TASK TO COMPLETE = This task asks for the lines from the one with "Victorian 74th Highlander" to the final line below, repeated exactly, with pictures omitted.

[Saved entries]
··········

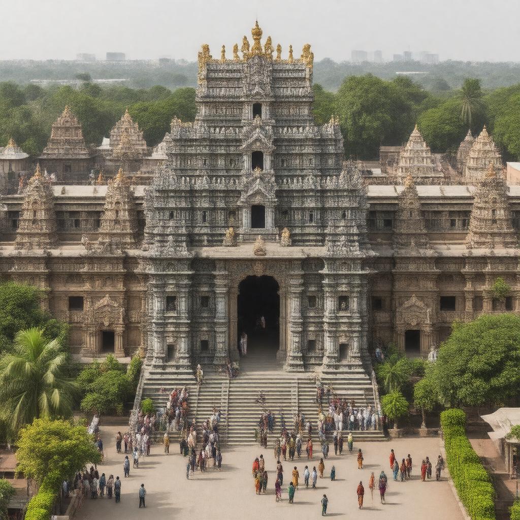 "Generate an image of the majestic Meenakshi Temple, a prominent Hindu temple located in Madurai, Tamil Nadu, India, showcasing its stunning Dravidian architecture, intricate sculpture, and vibrant gopurams, with the main deities Meenakshi and Sundareswarar at its core, surrounded by lush gardens and a bustling courtyard, capturing the essence of this ancient temple complex."
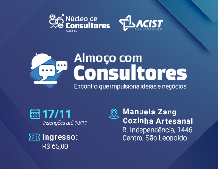 O Núcleo de Consultores da ACIST-SL promove no próximo dia 17/11, o 'Almoço com Consultores'. O evento tem como objetivo impulsionar ideias e negócios, promovendo conexões entre profissionais e empresários, contribuindo para o fortalecimento e crescimento da sociedade leopoldense.
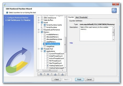 NeoLoad displays a list of the applications deployed on the configured server. It then automatically selects the most appropriate counters for each of the selected applications.
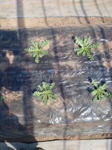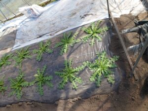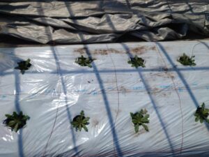 黒色マルチほど、地温がかからないので少し生育差をつける事ができます。(採花までの作業分散にもなる)
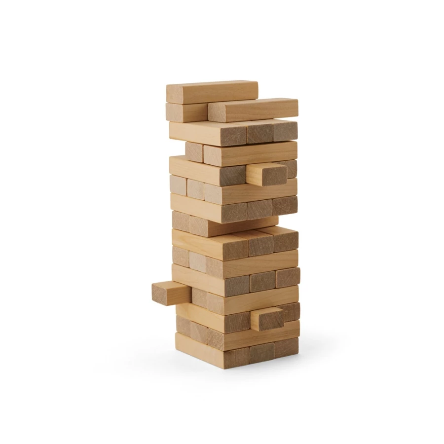 Drewniana gra składająca się z 54 elementów. Dostarczana w pudełku kartonowym z bawełnianą torbą z możliwością personalizacji. Ponieważ produkt jest wykonany z naturalnych materiałów, kolor produktu oraz wynik drukowania mogą się różnić w zależności od produktu. 55 x 55 x 185 mm
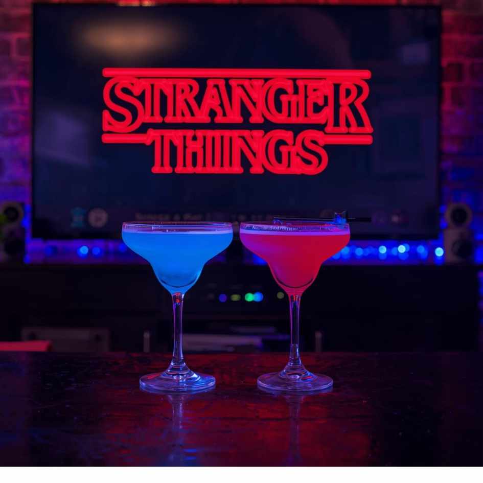 Prepara cócteles o mocktails vibrantes con colores neón brillantes como azul eléctrico o rojo intenso que parecen sacados directamente del Upside Down. Ponles nombres creativos y temáticos como “Elixir de Eleven” o “Sangre del Demogorgon” para darle un toque extra de misterio y diversión a tu fiesta Stranger Things. ¡Salud por Hawkins y sus secretos!
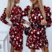 Featuring a round neckline and puff long sleeves, this dress exudes a chic and playful vibe. The printed design adds a unique and eye-catching element, making it a standout piece in your collection.
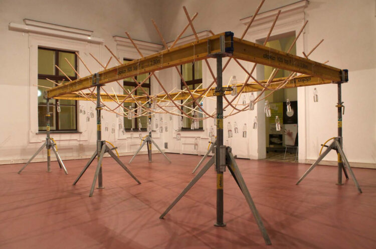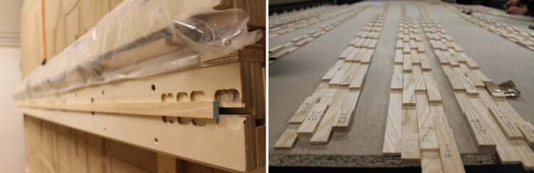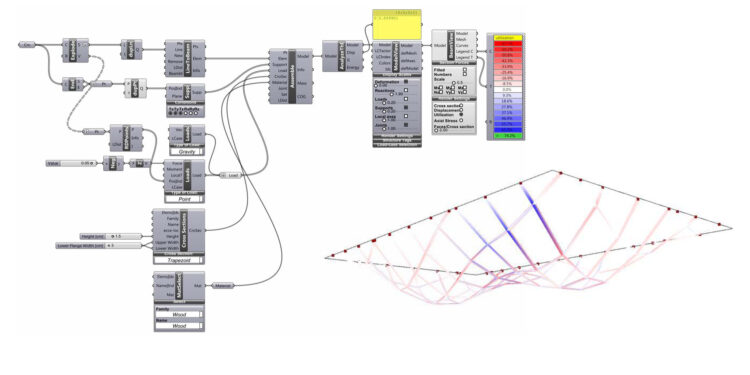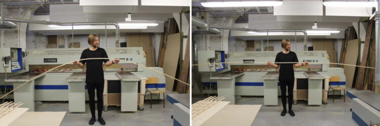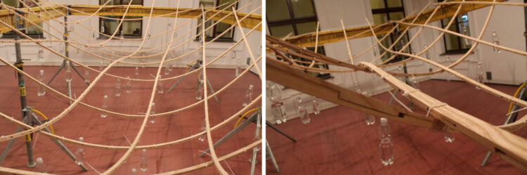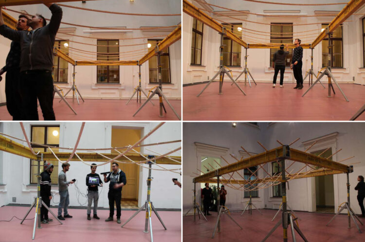 During a 5‑day long course students focused on the creation of controllable, dynamic, active-bending timber structures using loads as the actuators. The participants experimented with linear wooden elements (laths), where the overall deformation of the system is defined by the milled geometry between them. The course combined digital simulations for form finding (Kangaroo) and structural analysis (Karamba) with physical prototypes fabricated by robotic milling. The final outcome is a 1:1 grid-shell structure fabricated in flat pieces and later self-assembled into a double curved surface under the applied loads.
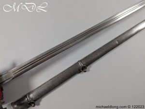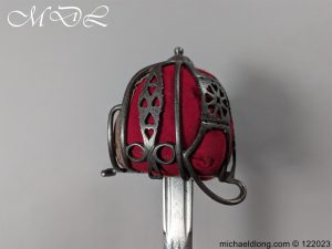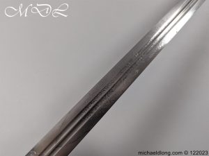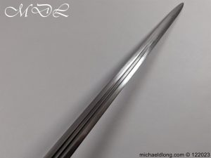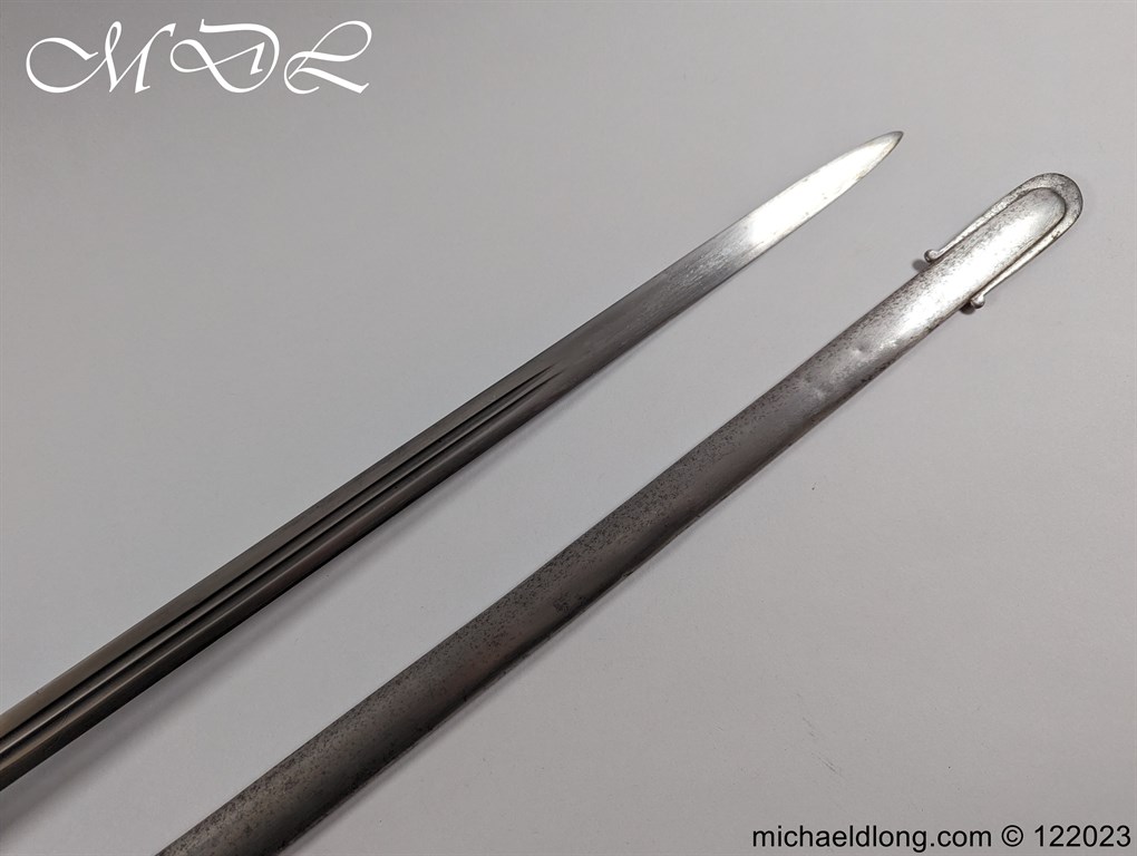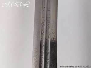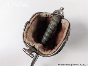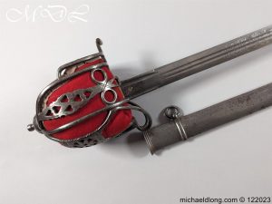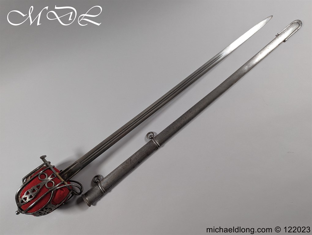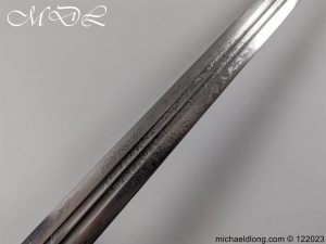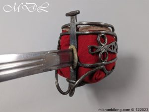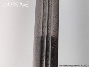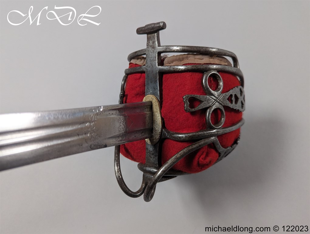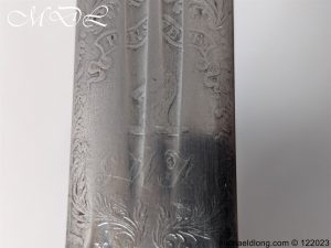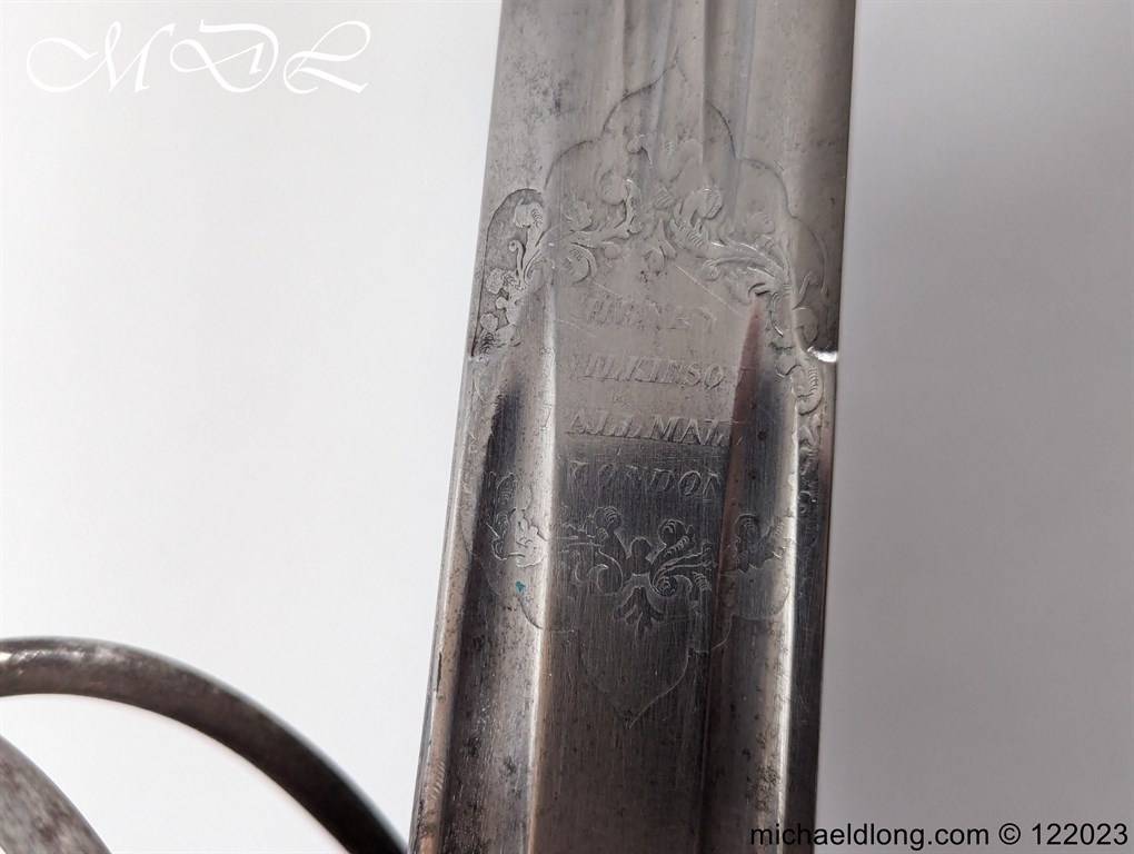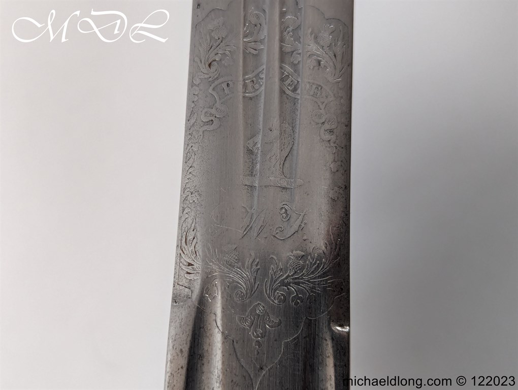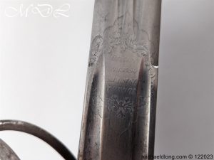 Victorian 74th Highlander Officer’s Sword by Henry Wilkinson early example not number but with the family crest of Fordyce plus initials G W F – George William Fordyce. Regulation basket hilt complete with liner. The broad sword blade in super condition good deep engraving with V R Crown, regimental badge, I X X I and family crest, maker marked Henry Wilkinson Pall Mall London . It is complete with steel scabbard. Notes: Attack on the troops under Lieutenant-Colonel Fordyce of the 74th Highlanders, while forcing their way through the Kroomie Forest on 8th September 1851 Reference: Swords of the British Army Revised Edition page 182 Blade Length: 83cm, overall Length: 101cm
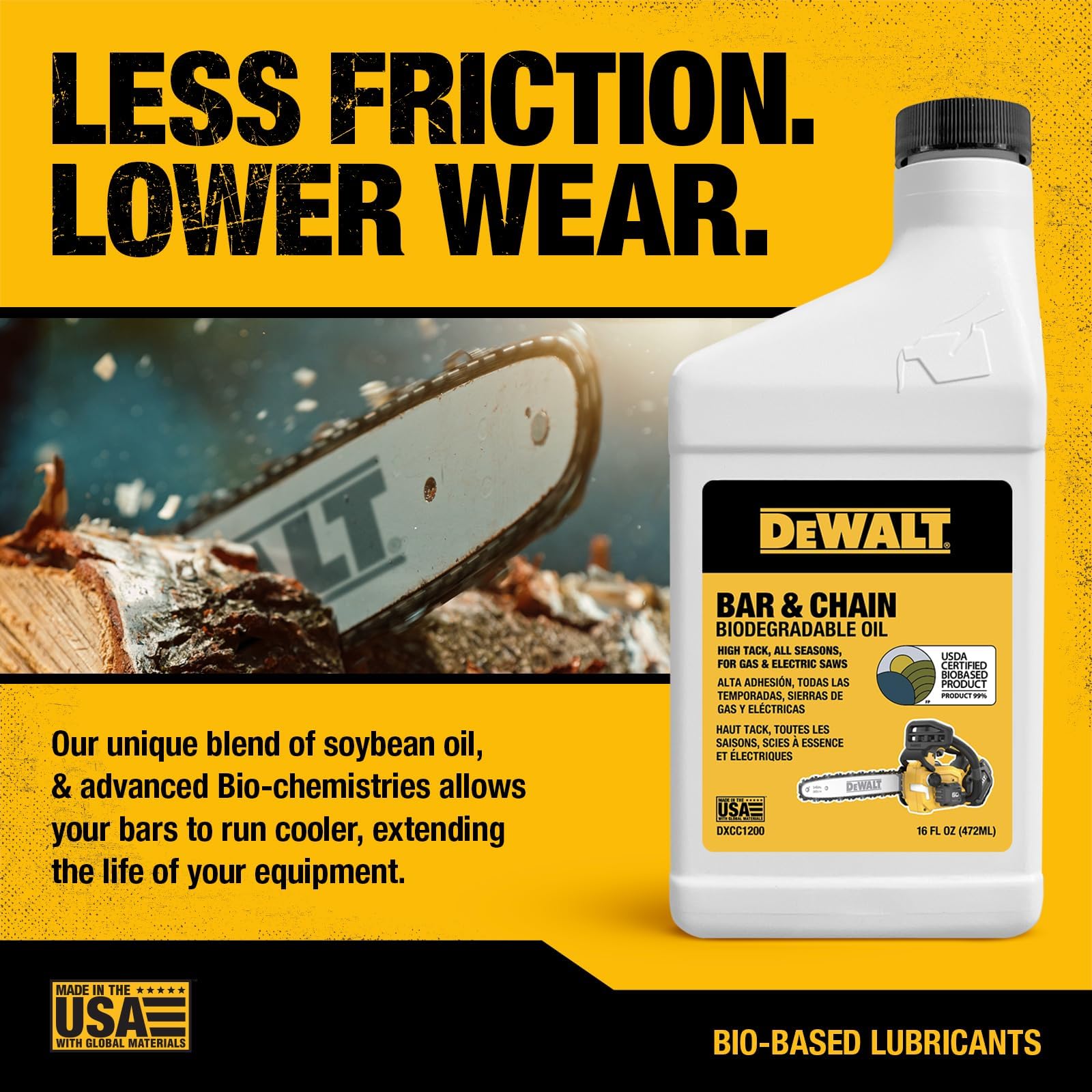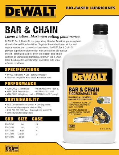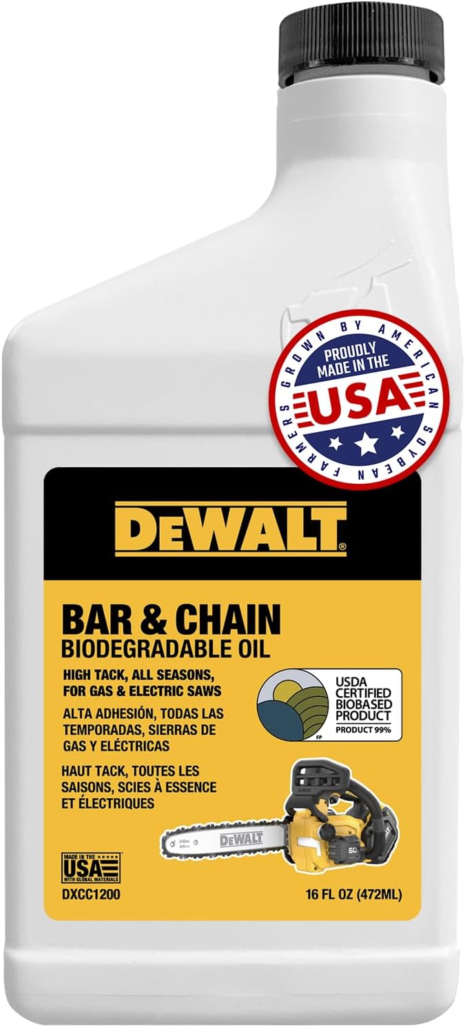 DEWALT – שמן מתכלה ביולוגית למוט ושרשרת – חומר סיכה מקצועי ירוק, ידידותי לסביבה, לא רעיל למוט ושרשרת – שמן נקי במיוחד לכל העונות למסור גז, חשמלי ומסור מוט, 16 אונקיות

··········

EXERCISE SOLUTION =
 Victorian 74th Highlander Officer’s Sword by Henry Wilkinson early example not number but with the family crest of Fordyce plus initials G W F – George William Fordyce. Regulation basket hilt complete with liner. The broad sword blade in super condition good deep engraving with V R Crown, regimental badge, I X X I and family crest, maker marked Henry Wilkinson Pall Mall London . It is complete with steel scabbard. Notes: Attack on the troops under Lieutenant-Colonel Fordyce of the 74th Highlanders, while forcing their way through the Kroomie Forest on 8th September 1851 Reference: Swords of the British Army Revised Edition page 182 Blade Length: 83cm, overall Length: 101cm
 DEWALT – שמן מתכלה ביולוגית למוט ושרשרת – חומר סיכה מקצועי ירוק, ידידותי לסביבה, לא רעיל למוט ושרשרת – שמן נקי במיוחד לכל העונות למסור גז, חשמלי ומסור מוט, 16 אונקיות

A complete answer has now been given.